The task:
What are the lines, word for word, from the line with "156万粉丝快手顶级高颜值擦边网红旺旺小虎私拍福利视频流出" up to and including the line with "La brosse à" in the records below? Omit the pictures.

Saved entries
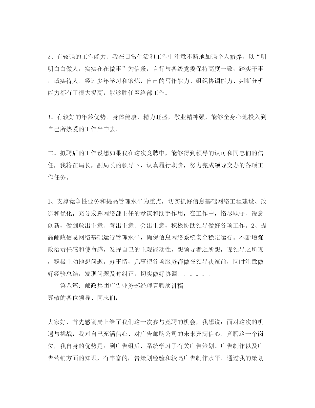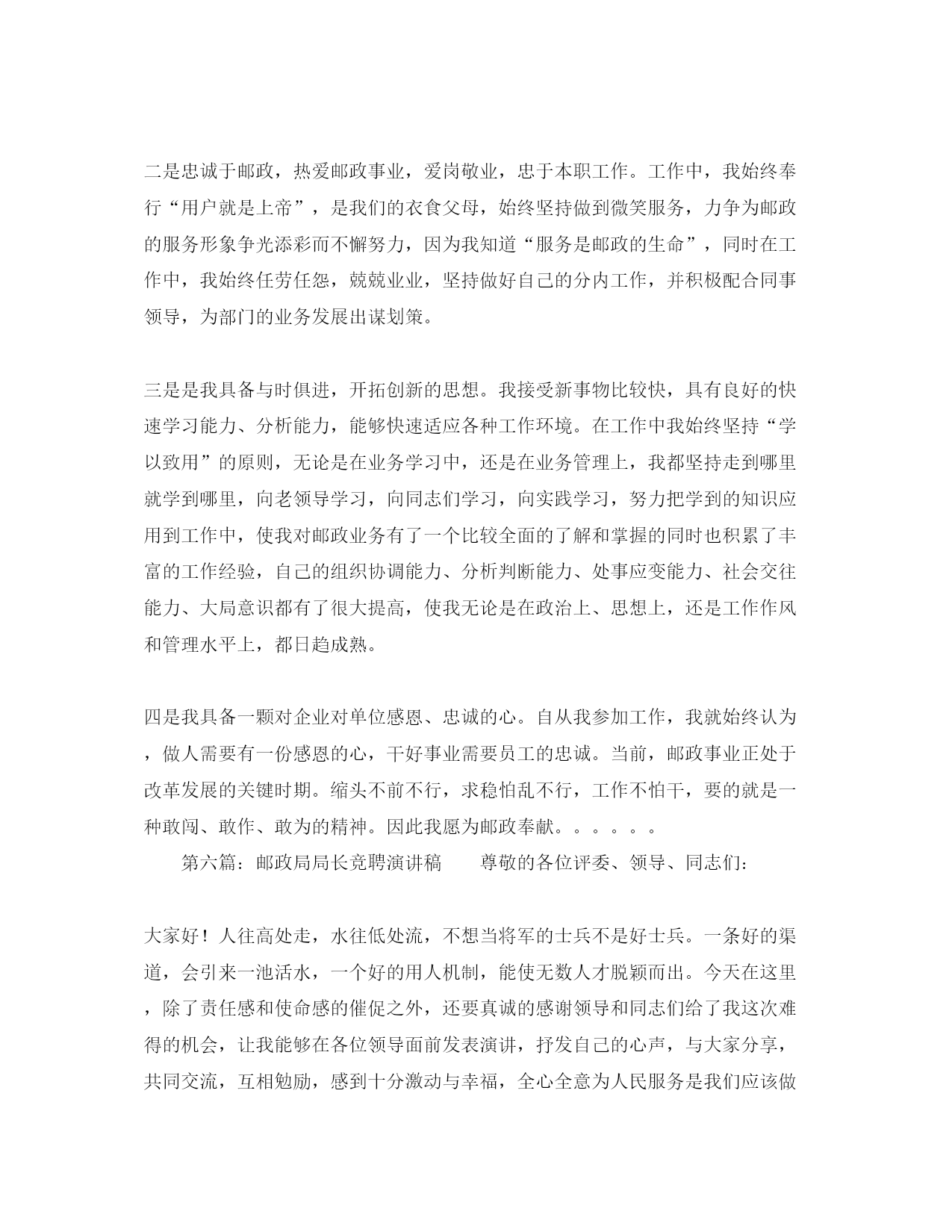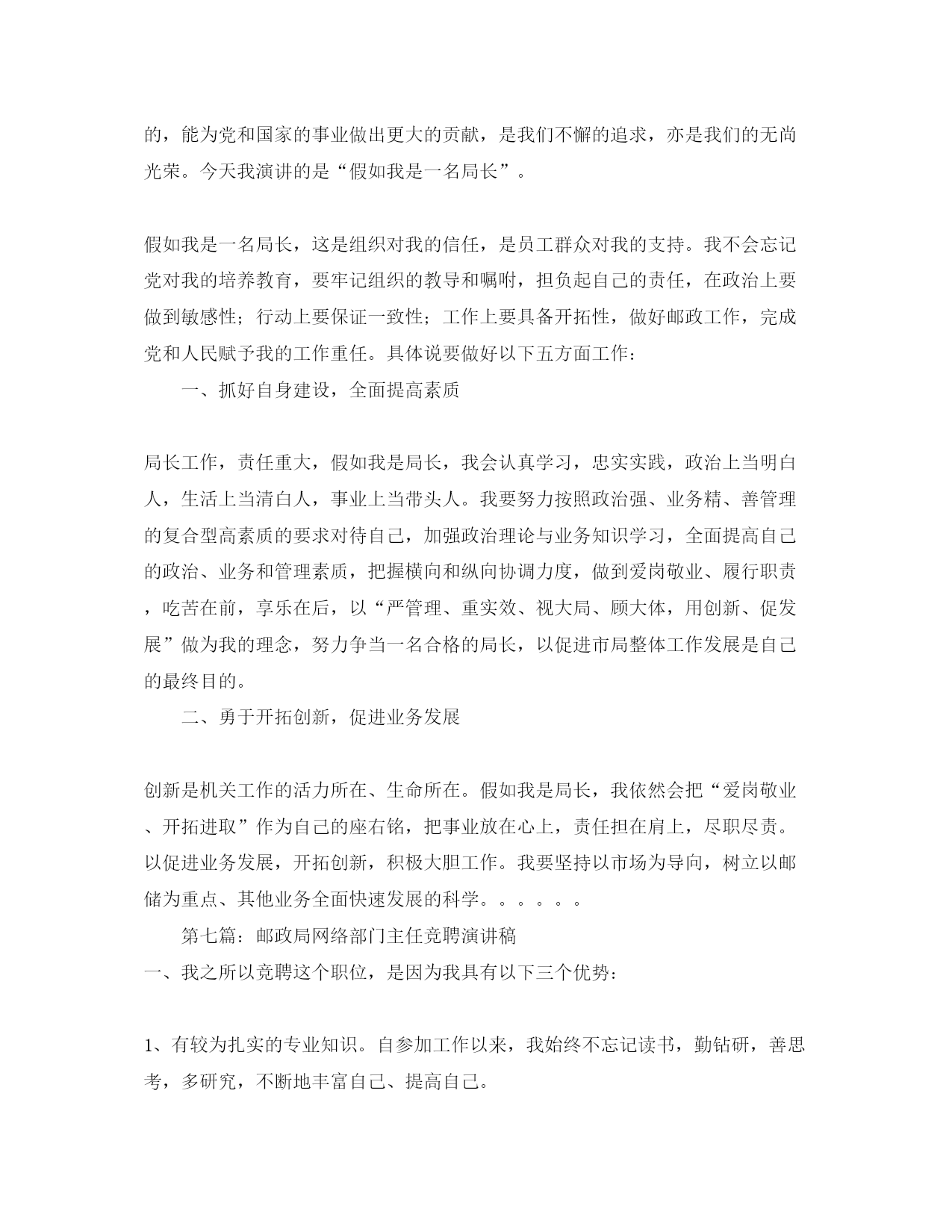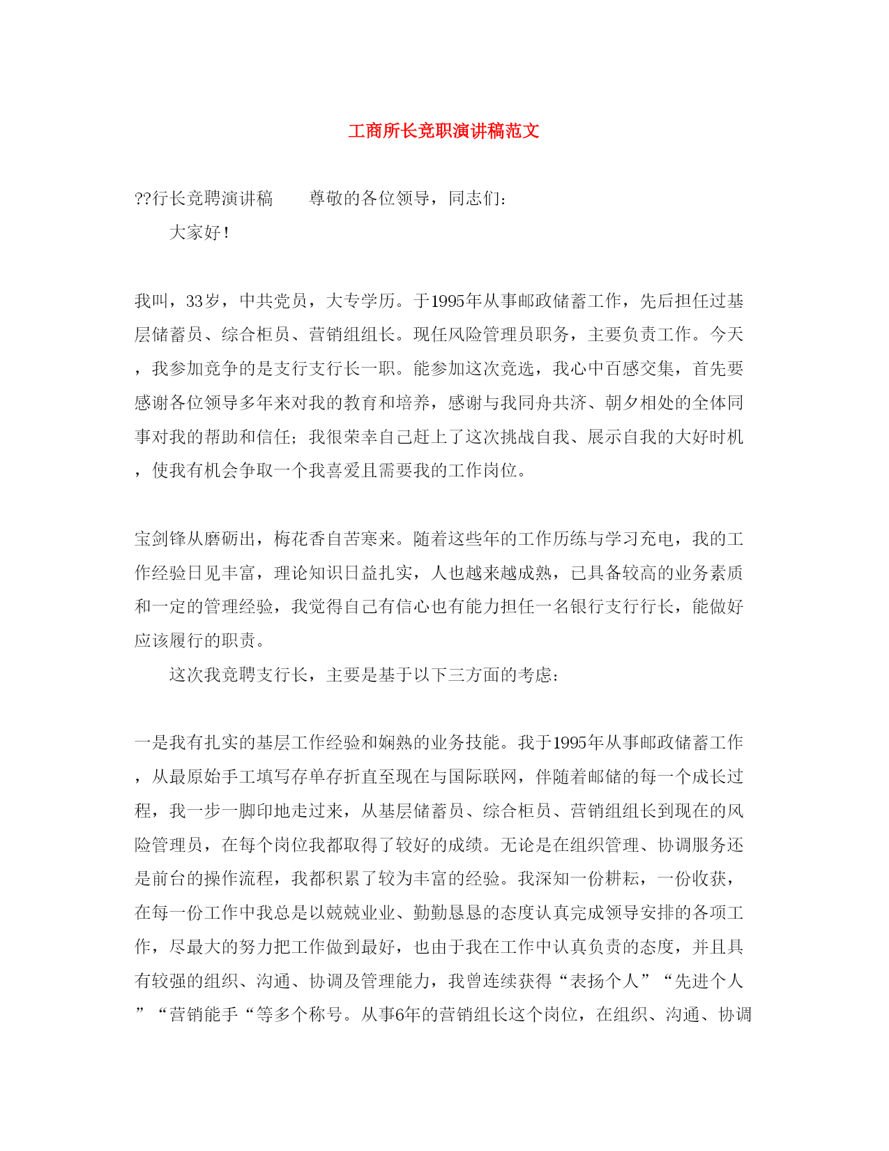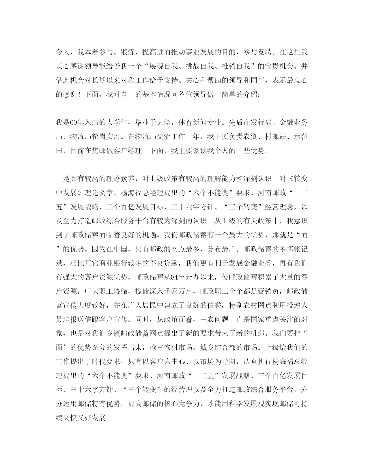 此资料由网络收集而来,如有侵权请告知上传者立即删除。资料共分享,我们负责传递知识。工商所长竞职演讲稿范文??行长竞聘演讲稿尊敬的各位领导,同志们:大家好!我叫,33岁,中共党员,大专学历。于1995年从事邮政储蓄工作,先后担任过基层储蓄员、综合柜员、营销组组长。现任风险管理员职务,主要负责工作。今天,我参加竞争的是支行支行长一职。能参加这次竞选,我心中百感交集,首先要感谢各位领导多年来对我的教育和培养,感谢与我同舟共济、朝夕相处的全体同事对我的帮助和信任;我很荣幸自己赶上了这次挑战自我、展示自我的大好时机,使我有机会争取一个我喜爱且需要我的工作岗位。宝剑锋从磨砺出,梅花香自苦寒来。随着这些年的工作历练与学习充电,我的工作经验日见丰富,理论知识日益扎实,人也越来越成熟,已具备较高的业务素质和一定的管理经验,我觉得自己有信心也有能力担任一名银行支行行长,能做好应该履行的职责。这次我竞聘支行长,主要是基于以下三方面的考虑:一是我有扎实的基层工作经验和娴熟的业务技能。我于1995年从事邮政储蓄工作,从最原始手工填写存单存折直至现在与国际联网,伴随着邮储的每一个成长过程,我一步一脚印地走过来,从基层储蓄员、综合柜员、营销组组长到现在的风险管理员,在每个岗位我都取得了较好的成绩。无论是在组织管理、协调服务还是前台的操作流程,我都积累了较为丰富的经验。我深知一份耕耘,一份收获,在每一份工作中我总是以兢兢业业、勤勤恳恳的态度认真完成领导安排的各项工作,尽最大的努力把工作做到最好,也由于我在工作中认真负责的态度,并且具有较强的组织、沟通、协调及管理能力,我曾连续获得“表扬个人”“先进个人”“营销能手“等多个称号。从事6年的营销组长这个岗位,在组织、沟通、协调及管理方面让我积累了丰富的经验和心得,并且通过在金融业十几年的切身体会的发展让我对这个行业有着深刻的见解,对金融风险以及如何把控风险也有着较全面的认识。另外,在多年的工作中,我始终不忘充实自己,坚持实践中学习、学习中实践,完善自我,提高自我。由于我多年来多岗位的磨练练就了我娴熟的业务能力,特别是银行管理方面的知识。这些,都有利于今后工作的展开。我相信这是我竞争诚信支行行长的最大优势,使我能更快、更好地进入角色,顺利地开展工作。二是我熟知支行长的岗位职责。支行长的岗位职责是重要的,也是包罗万象、非常繁杂的,它既要负责支行的行政管理,又要搞好交叉营销等经营业务,还要考虑支行的发展。支行长工作优劣以及能否开创新局面关键取决于否有一个坚定不移地贯彻了总行方针、政策;是否能积极主动配合全局,勇于创新具有较强组织能力和良好素质修养;是否善于博采众长带领大家团结一致、万众一心、协调工作领导集体。对工作职责的清醒认识和明确定位使我在思想上做好了迎接挑战的准备。重要的是我能够站在全局的角度,全方位地思考问题,并说出自己的想法,也许有利于推进支行的工作发展。三是热情与冷静并存。工作中我总能清醒的意识到肩负的责任,在职业生涯中未曾在原则。。。。。。第四篇:邮政局副局长个人竞聘演讲稿尊敬的各位领导,同事们:大家好!今天,我站在这里,心情非常激动。我本着进一步锻炼自己,为单位多做贡献的宗旨,参加本次邮局副局长竞聘。首先非常感谢单位,为我们提供了一个这么好的竞争平台,让我们可以在这里展现风采,同时,更要感谢多年来一直关心、帮助我的领导和同事们。我叫,今年岁,年进入邮局工作,先后从事过等工作。回首过去年的工作,在单位领导和同仁们的支持和帮助下,我从一个新兵逐渐成长为一个有担当、业务熟练的工作人员。我认为,对于今天的竞聘,我有以下几方面的优势:一是具有勇挑重担的信心。面对瞬息万变的国际国内形势,服务行业竞争日趋激烈。我们邮局认清形势,并抓住我国经济发展和国家出台的一系列优惠政策,搞好我们邮政的改革和发展。提出了在转变中发展,在发展中转变的口号。企业要发展,就必须有专业的团队来服好务。建设一支专业素质高的人才和领导队伍才是根本之道。我坚信,自己能够胜任这项光荣而艰巨的任务。二是具有丰富的工作经验经过多年的基层锻炼,我对邮局相关的业务非常熟悉。并且工作中,我始终不忘充实自己,坚持干中学、学中干,完善自我,提高自我。在我们邮局改革发展的新征途中,需要我们转变思想,强化创新意识,强化为民服务的意识,大力推进“三个转变”的实施,并结合咱们河南悠久而丰富的历史文化,成为大力宣传我们中原文化的主要载体之一。三是具备良好的人际沟通能力和组织协调能力。在工作中尊重领导,团结同事,坚持做到识大体顾大局,能够坚持原则而又不失灵活,处理问题思路清晰,头绪分明。特别是经过年来岗位上的学习和锻炼,使自己的业务能力、组织协调能力、分析判断能力、领导掌控能力都有了较大的提高,使自己一步一步走向成熟。。。。。。第五
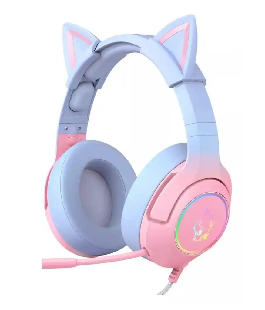 CARACTERÍSTICAS • Efecto de luz degradado RGB • Diseño Morandi bicolor • Sonido envolvente estéreo • Uso cómodo de orejeras grandes • Micrófono de cancelación de ruido de alta fidelidad • Unidad de altavoz de gran tamaño Diseño de cojín de garra de gato con haz de cabeza de esponja gruesa Sonido de juego estéreo 3.1 que ayuda a mejorar el efecto de sonido auditivo El micrófono con cancelación de ruido se comunica de manera eficiente para disfrutar del "tiempo para mí" durante el juego Se combina fácilmente con PS4, PS5, PS Vita, computadora portátil, PC, tabletas, Teléfonos inteligentes, Nintendo y varios otros modelos
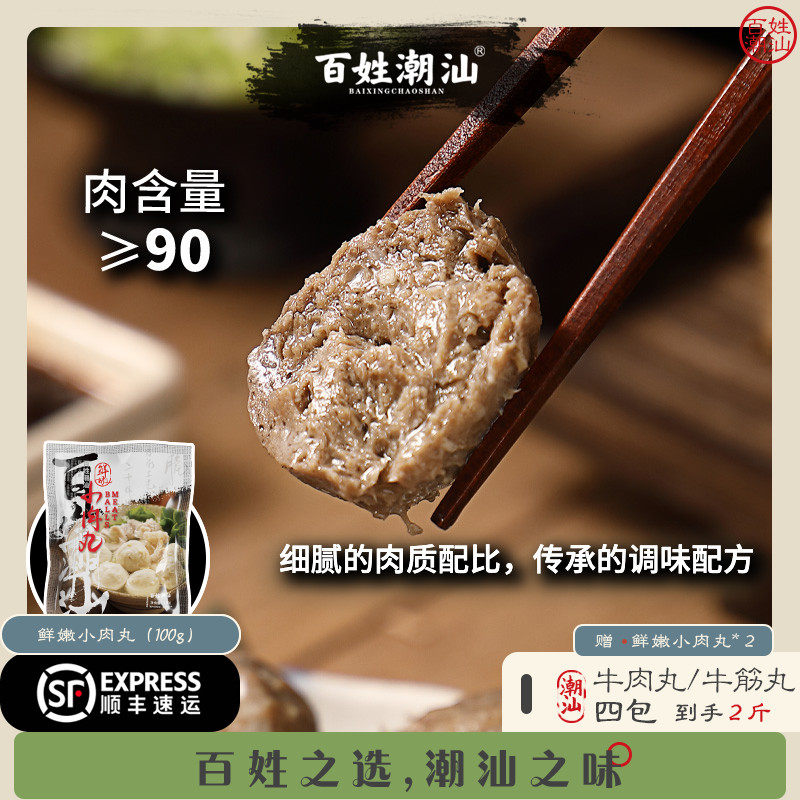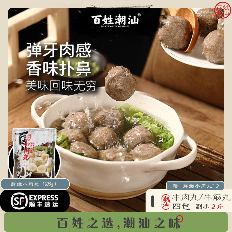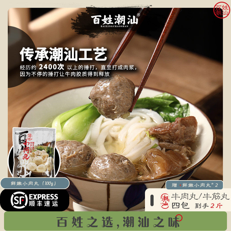 百姓潮汕牛肉丸牛丸火锅丸子烧烤火锅食材牛筋丸肉含量90%2斤4包
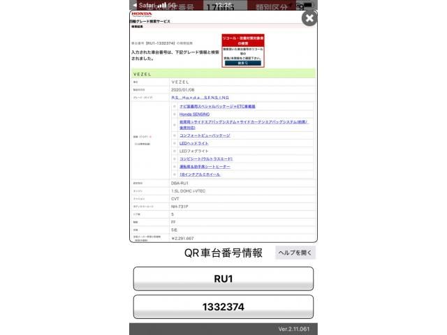| CHASSIS NO. | RU1-1332374 |
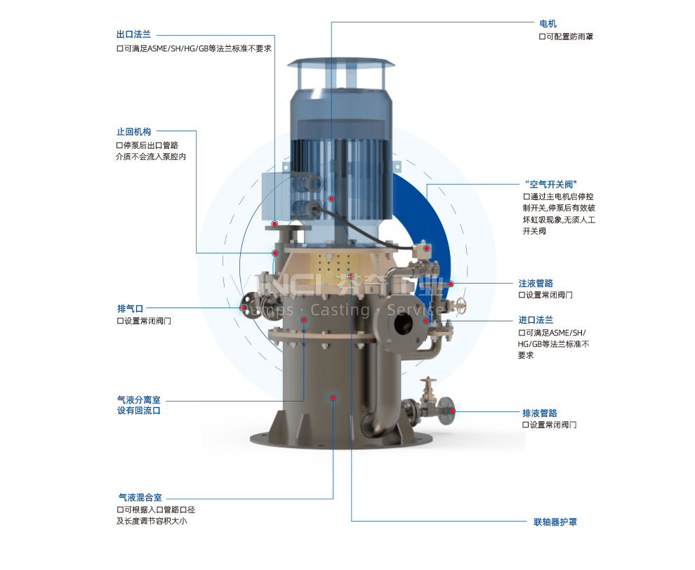 VZX - S 是一種水環(huán)自控式強自吸泵,由獨立的水環(huán)真空泵+離心泵+控制箱以及自吸裝置組成,首次啟動前灌泵后續(xù)啟動不再罐泵。啟動時只需要按下控制箱啟動按鈕,水環(huán)真空泵開始工作抽空吸入管路,整個離心泵充滿介質后,自吸裝置自動連鎖,水環(huán)真空泵電機斷電,水環(huán)真空泵停止工作,同時給主電機供電,離心泵開始工作。停泵后吸入管路及離心泵中的水位自動回落。該泵組可以實現(xiàn)自動啟泵、停泵等一系列操作。
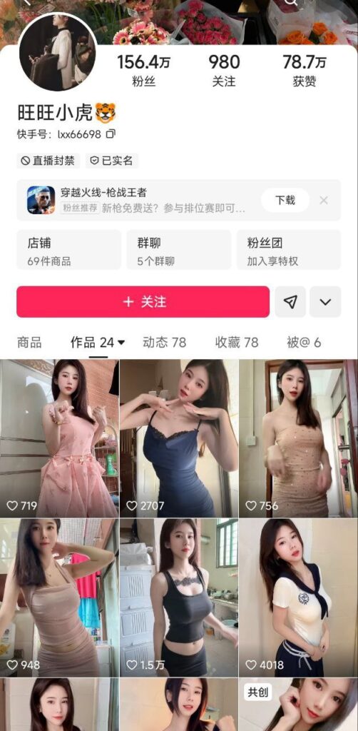 156万粉丝快手顶级高颜值擦边网红旺旺小虎私拍福利视频流出
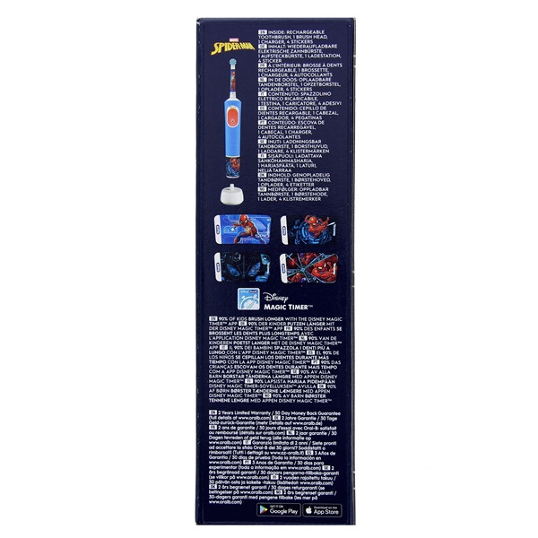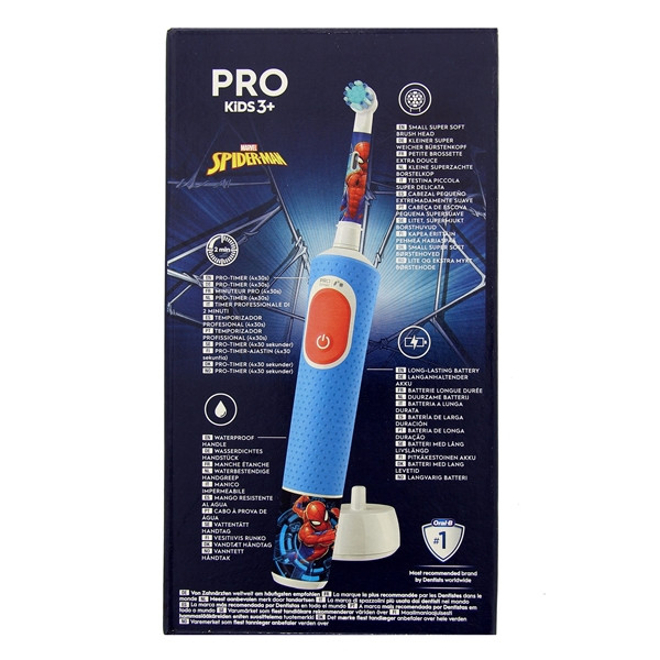 La brosse à dents électrique Oral-B Pro Kids 3+ Spider Man possède un minuteur et propose deux modes de nettoyage : sensibilité plus et le nettoyage quotidien. Elle permet de nettoyer délicatement et efficacement les dents des enfants dès 3 ans pour une hygiène bucco-dentaire optimale.
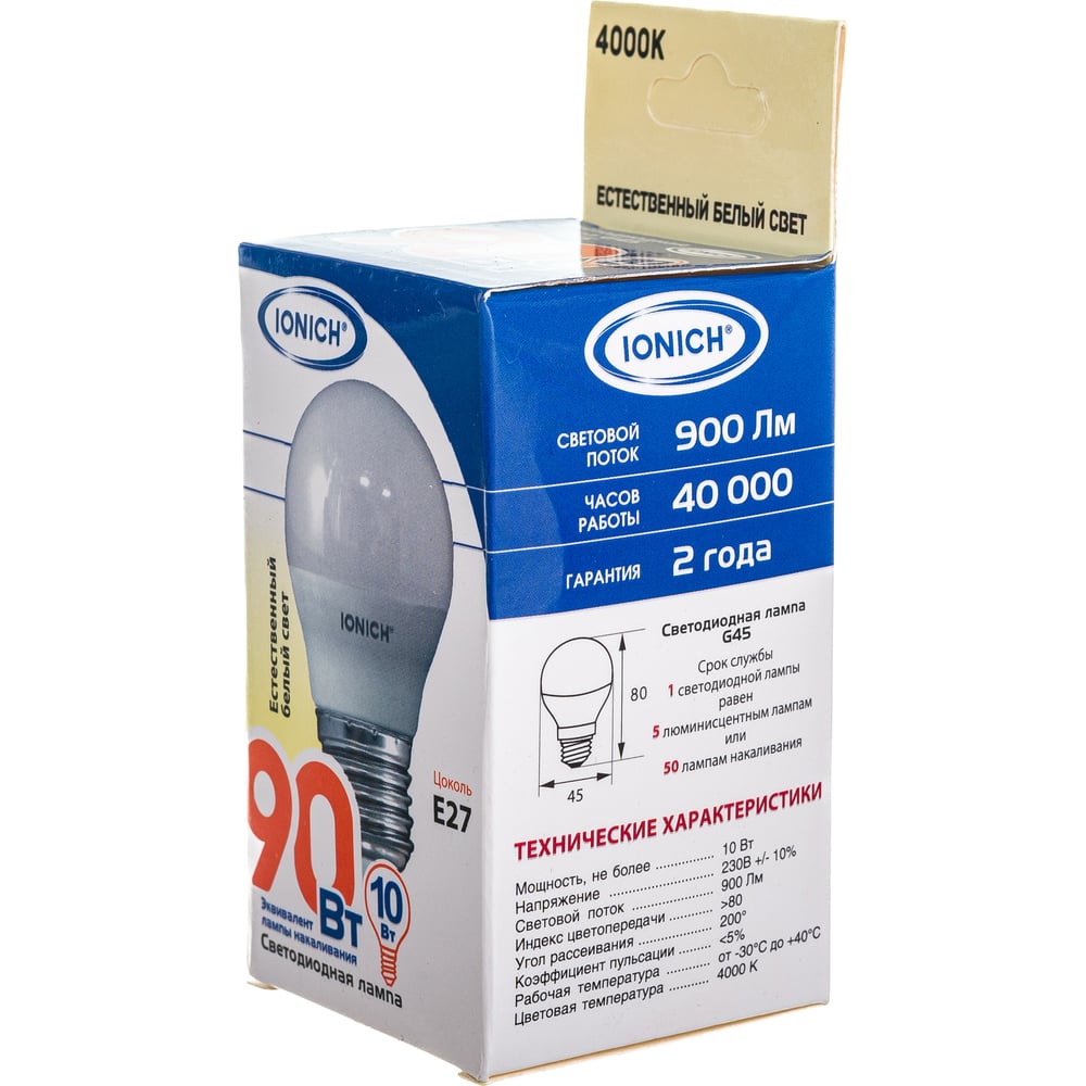 | Цветовая температура | 4000 К |

Result of the task:
 156万粉丝快手顶级高颜值擦边网红旺旺小虎私拍福利视频流出
 La brosse à dents électrique Oral-B Pro Kids 3+ Spider Man possède un minuteur et propose deux modes de nettoyage : sensibilité plus et le nettoyage quotidien. Elle permet de nettoyer délicatement et efficacement les dents des enfants dès 3 ans pour une hygiène bucco-dentaire optimale.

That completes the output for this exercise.